We'll start off by importing our data. In this quickstart we'll be working with
[the Breast Cancer](https://archive.ics.uci.edu/dataset/17/breast+cancer+wisconsin+diagnostic) dataset
which is publicly available on the UCI Machine Learning Repository. The task is a classification
problem, to predict whether a patient is diagnosed with breast cancer or not.

When you're getting started with a machine learning problem you'll want to do
something similar to this: import your data and get it in the right shape for
your training.
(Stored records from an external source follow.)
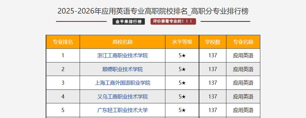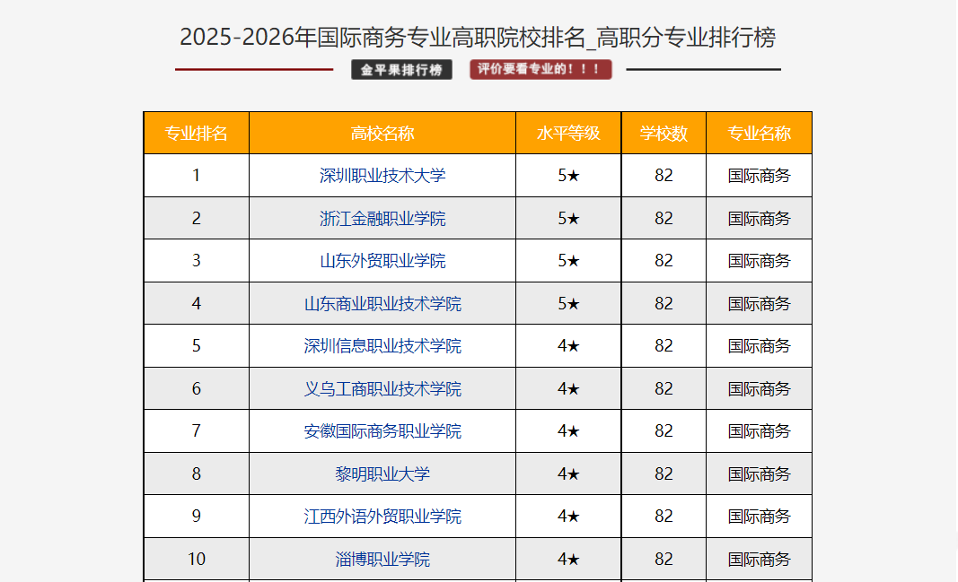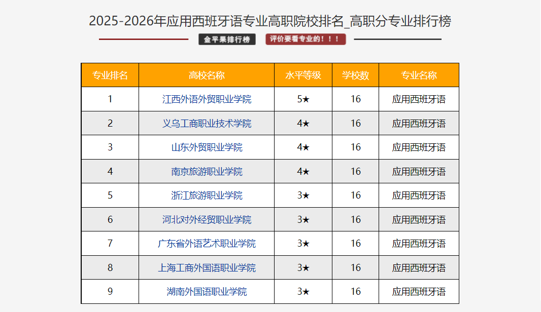 2025年3月,金平果发布中国高职院校专业竞争力排行榜。外语外贸学院国际经济与贸易、应用西班牙语专业斩获全国第2名,应用英语专业位列全国第4,国际商务专业挺进全国前6,四大专业集体跻身全国第一方阵。
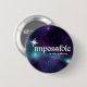 "Impossible is only a theory" round button with white text on a cosmic star field.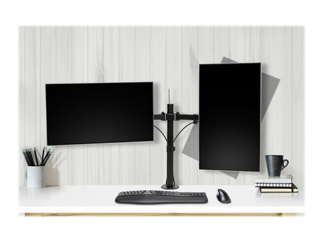 Monteringssats - justerbar arm - för 2 monitorer - metall - svart - skärmstorlek: upp till 32 tum - skrivbord, C-klämma, skyddshylsa, disk-monteringsbar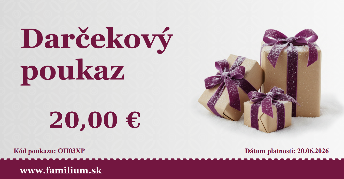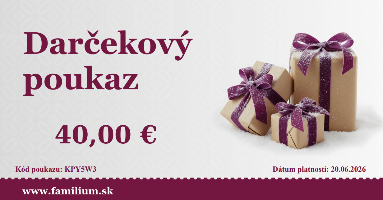 Darčekový poukaz v hodnote 100 EUR je krásnym a praktickým riešením. Po dokončení objednávky ho dostanete do niekoľkých minút e-mailom a môžete ho hneď darovať.

ZenML mostly gets out of your way when you're writing your Python
code, as you'll see from the following cell.

In [3]:
import pandas as pd
from sklearn.datasets import load_breast_cancer
from typing_extensions import Annotated
from zenml import step
from zenml.logger import get_logger

logger = get_logger(__name__)


@step
def data_loader_simplified(
    random_state: int, is_inference: bool = False, target: str = "target"
) -> Annotated[pd.DataFrame, "dataset"]:  # We name the dataset 
    """Dataset reader step."""
    dataset = load_breast_cancer(as_frame=True)
    inference_size = int(len(dataset.target) * 0.05)
    dataset: pd.DataFrame = dataset.frame
    inference_subset = dataset.sample(inference_size, random_state=random_state)
    if is_inference:
        dataset = inference_subset
        dataset.drop(columns=target, inplace=True)
    else:
        dataset.drop(inference_subset.index, inplace=True)
    dataset.reset_index(drop=True, inplace=True)
    logger.info(f"Dataset with {len(dataset)} records loaded!")
    return dataset


The whole function is decorated with the `@step` decorator, which
tells ZenML to track this function as a step in the pipeline. This means that
ZenML will automatically version, track, and cache the data that is produced by
this function as an `artifact`. This is a very powerful feature, as it means that you can
reproduce your data at any point in the future, even if the original data source
changes or disappears. 

Note the use of the `typing` module's `Annotated` type hint in the output of the
step. We're using this to give a name to the output of the step, which will make
it possible to access it via a keyword later on.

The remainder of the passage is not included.